Objective: This qualitative study aims to better understand the rationale behind surgical antibiotic prophylaxis prescribing practices for women undergoing C-sections at Kirehe District Hospital, including antibiotic choice, timing and duration of administration.
Methods: We conducted semi-structured interviews in Kinyarwanda, French, or English with healthcare providers involved in the provision of C-section care at the district hospital, including physicians (n=14), nurses (n=8), midwives (n=12) and anesthesia technicians (n=4). Interviews were recorded, transcribed verbatim, and translated into English, followed by a thematic analysis to identify emerging themes.

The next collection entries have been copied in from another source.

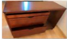
Item 17 - 01.JPG
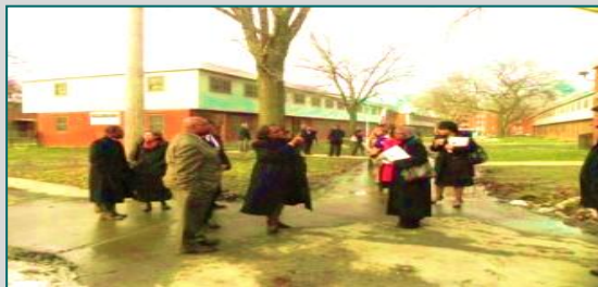
HUD Assistant Secretary Sandra Henriquez touring a property proposed for RAD in Cleveland, OH

Public housing units across the country need more than $26 billion in repairs. HUD refers to these repair costs as capital needs . Congress has not provided enough funding for PHAs to keep up with capital needs. As a result, PHAs have had to make tough choices between things like repairing roofs and replacing plumbing—or worse, demolishing public housing. RAD provides PHAs a way to rehabilitate , or repair, units without depending on additional money from Congress.
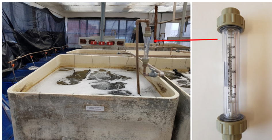
Left: View of experimental unit with coupled rotameter (right); rotameter used to control aeration intensity (left).

air flow rate in all treatments, a commercial rotameter (Tecnofluid® TRP-255-H-7 1 POL NPT) was coupled to the aeration system.
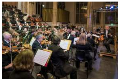
Norwich Philharmonic Orchestra

Tickets: £20, £14 (£8 Students/Under 26)
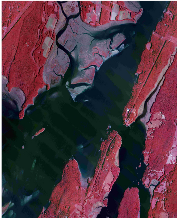
2009 Sewall color infra-red photograph of Merrymeeting Bay. Part of FOMB's 10-y ear update of aerial vegetation and land use study

In 2008 we rehired the James W. Sewall Company to perform a 10-year update of our 1998 study which examined changes in both aquatic vegetation and land use in and around the Bay between 1956 and 1998. The study used aerial photography and geographic information systems [GIS] to document and compare these two items from
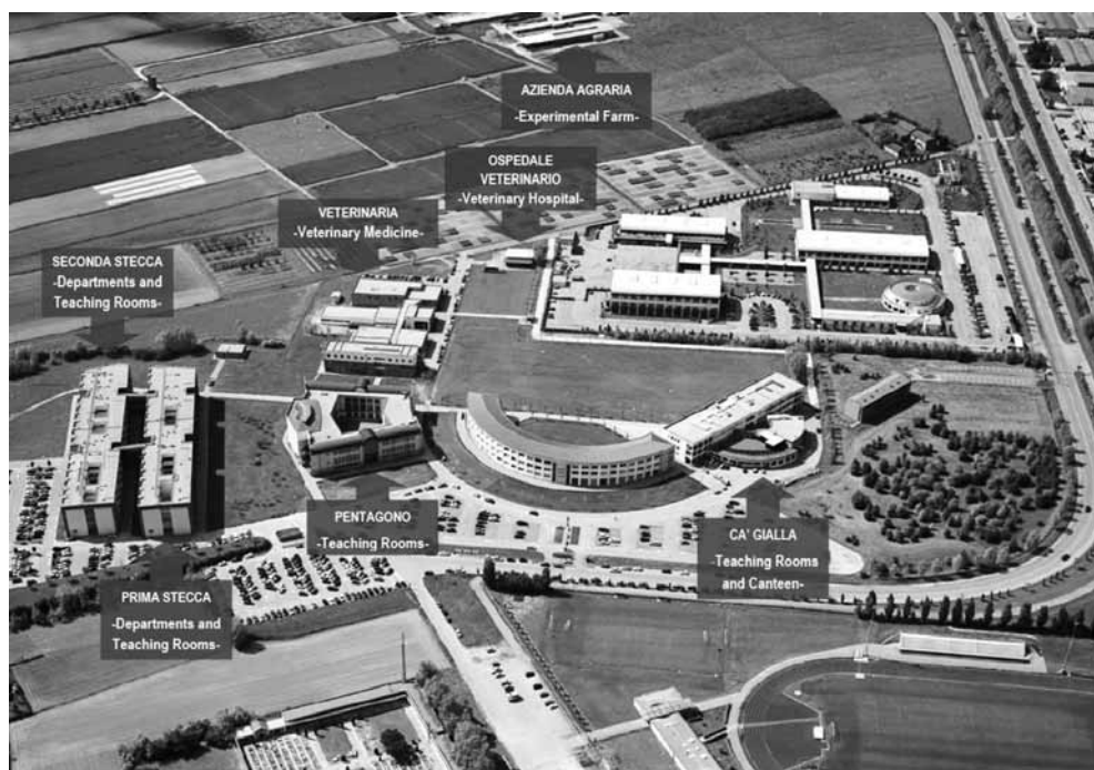
Figure 6: photograph of the Agripolis campus published on the School website.

The decisions as regards the public signage are made by the Polo Multifunzionale , a body concerned with the functioning of certain university areas. The course director that we interviewed had not been consulted about the signage, and was not able to inform us as to why “Teaching Rooms” were the only English words included on the signs.
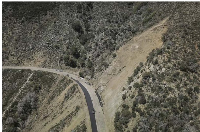
Landslide removal with widened road
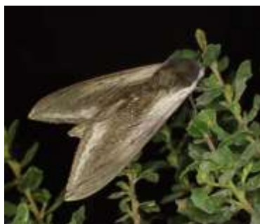
Vivian Neou Elegant sphinx moth on scrub oak, July 2021

Sat Jul 26 8:30pm - 11:55pm Moth Night at Monte Bello Preserve
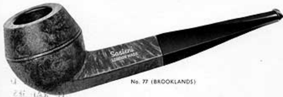
No. 77 (BROOKLANDS)
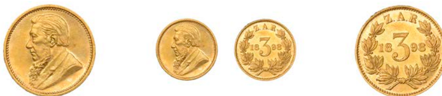
G 1139 Paul Kruger, Threepence, 1898, in gold , the so-called 'Sammy Marks ticky', edge plain, 2.63g/12h (Hern ZP5; KM Pn23; cf. DNW 75, 974). Good extremely fine
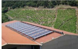
Solar cooling installation for a wine cellar in South of France
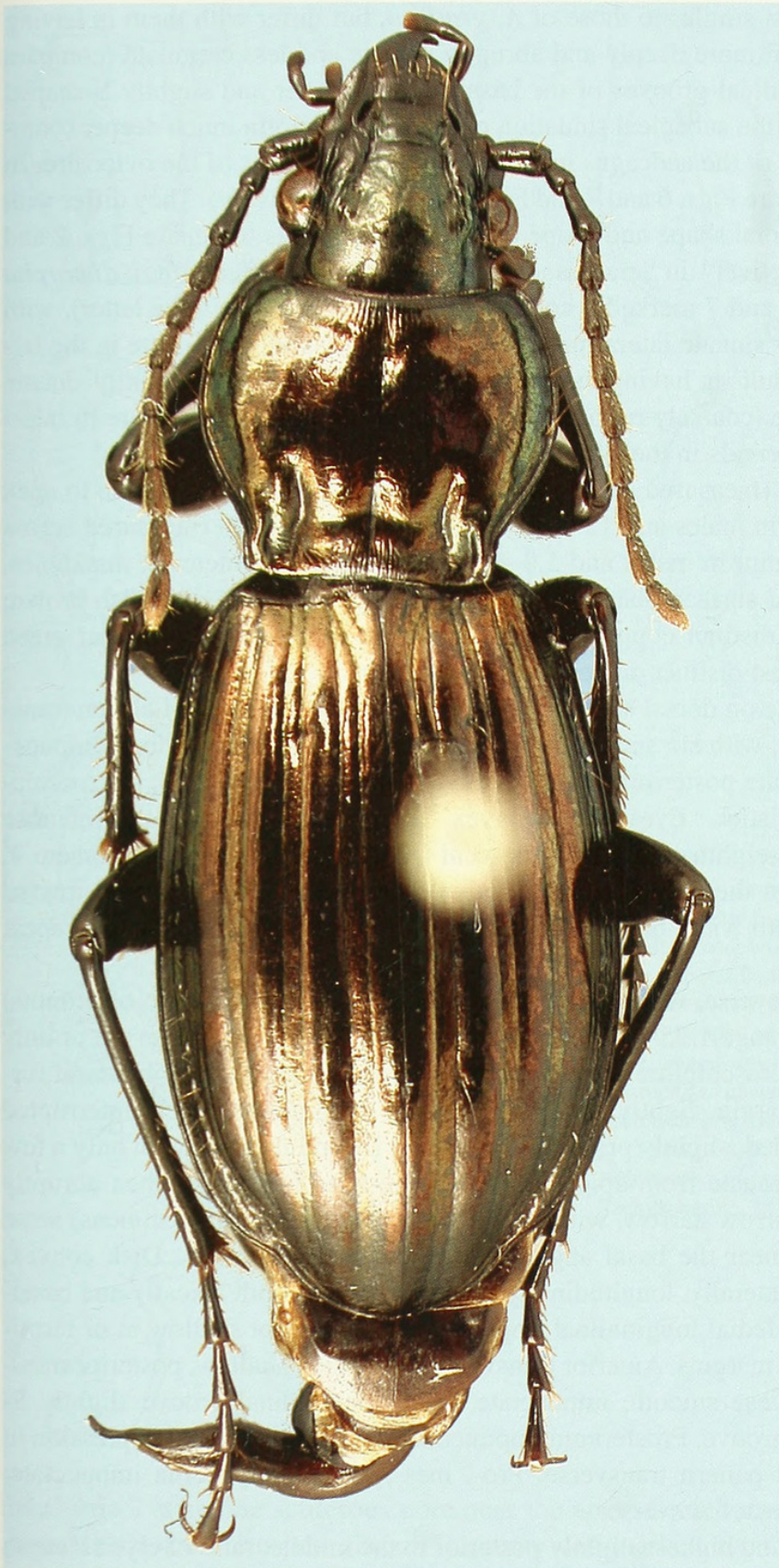
FIGURE 1. Digital photograph of habitus of holotype of Aristochroa abrupta sp. nov., dorsal aspect.

DIAGNOSIS. — Adults of A. abrupta sp. nov. can be distinguished from all other known species of Aristochroa by the following combination of character states: pronotum with lateral margins deeply and abruptly sinuate in posterior one-fifth, parallel anterior to base, with four (three or five in a few specimens) lateral setae anterior to middle, hind angles rectangular, basal foveae smooth, impunctate; pro-, meso-, and metepisterna smooth, impunctate; elytral interval 3 with two (one in a few specimens) discal setiferous pores; elytral intervals 1, 3, 5 and 7 strongly convex, microsculpture distinct on all intervals.

Results: Three key themes were identified concerning deviations from national and international surgical antibiotic prophylaxis guidelines at this Rwandan hospital. First, antibiotic prophylaxis prescription decisions stemmed from a desire to compensate for hygiene-related infection risks. A second theme was the adaptive nature of prescription practices amidst guideline uncertainty based on a local gynecologist encouraging over-prescription. A third theme concerned systems-based barriers to timely and appropriate pre-operative antibiotic administration, including diffusion of antibiotic administration responsibility.
Discussion: This study provides evidence that opinion leaders, while potential targets for cultivation of an antibiotic stewardship champion, may also perpetuate over-prescription amidst concerns of hygiene-related infection risks. Interventions must acknowledge the role of collective sense-making in the iterative negotiation of context-appropriate hospital prescription practices, facilitating active involvement of all prescribers in protocol and workflow development.